Low-risk community-acquired pneumonia is associated with low morbidity and mortality rate of <5% and is therefore suitable for outpatient care. Patients considered at low-risk community-acquired pneumonia are those with stable vital signs and stable comorbid conditions (eg controlled diabetes mellitus [DM], coronary artery disease [CAD], renal insufficiency, COPD, chronic liver disease, chronic alcohol abuse, and asplenia).  

They may be treated as outpatients with a reasonable assurance of follow-up and sufficient social support. Hospitalization of patients with low-risk community-acquired pneumonia may be required if there are complications of pneumonia itself, exacerbation of underlying diseases, advanced age (≥65 years of age), inability to reliably take oral medications or receive outpatient care, inability to maintain oral intake, uncontrollable vomiting, cognitive dysfunction, and social problems (eg unavailability of a caregiver, homelessness).  

The possible pathogens include Streptococcus pneumoniae, Haemophilus influenzae, Chlamydophila pneumoniae, Mycoplasma pneumoniae, Moraxella catarrhalis, and enteric Gram-negative bacilli (among those with comorbid illnesses).

Moderate-risk Community-acquired Pneumonia (CAP)  

Moderate-risk community-acquired pneumonia is associated with a complicated outcome and higher mortality rate, thus in-hospital parenteral therapy is recommended. In patients with prior respiratory tract colonization, culture, swab, or polymerase chain reaction (PCR) tests must be taken prior to starting empiric therapy.  

The possible pathogens include Streptococcus pneumoniae, Haemophilus influenzae, Chlamydophila pneumoniae, Mycoplasma pneumoniae, Moraxella catarrhalis, enteric Gram-negative bacilli, Legionella pneumophila, and anaerobes (in patients with risk of aspiration).

High-risk Community-acquired Pneumonia (CAP)  

High-risk community-acquired pneumonia is associated with a mortality rate of 36%, thus it is managed in a hospital setting and those with hemodynamic instability or respiratory failure should be admitted to the intensive care unit (ICU).  

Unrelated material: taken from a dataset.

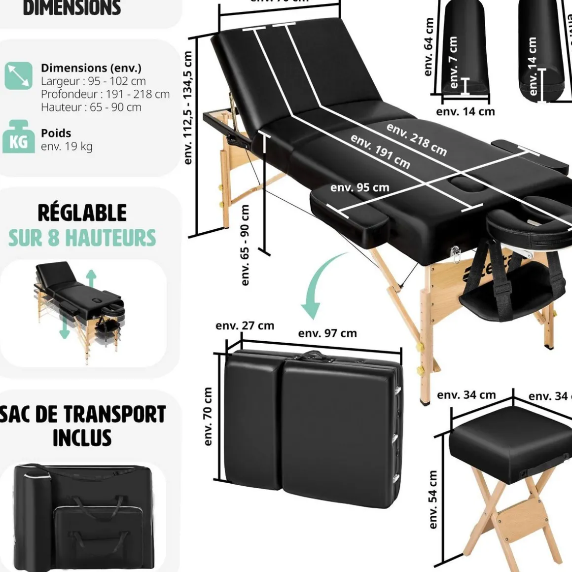 Cette table de massage est également réglable en hauteur, vous permettant de l’ajuster selon vos préférences pour une posture optimale pendant le massage. Avec ses dimensions de 218 x 102 x 65 – 90 cm, elle est conçue pour s’adapter à divers environnements et besoins. De plus, son sac de transport inclus facilite le transport et le stockage, vous permettant d’emporter votre table de massage où que vous alliez.

The possible pathogens include Streptococcus pneumoniae, Haemophilus influenzae, Chlamydophila pneumoniae, Mycoplasma pneumoniae, Moraxella catarrhalis, enteric Gram-negative bacilli, Legionella pneumophila, Staphylococcus aureus, Pseudomonas aeruginosa, Pneumocystis jirovecii, Klebsiella pneumoniae, Acinetobacter sp, and anaerobes (in patients with risk of aspiration).  

Patients who have a history of chronic (>7 days within the past month) use of broad-spectrum antibiotic therapy, bronchiectasis, malnutrition, and on steroid therapy are at risk of developing Pseudomonas aeruginosa infection.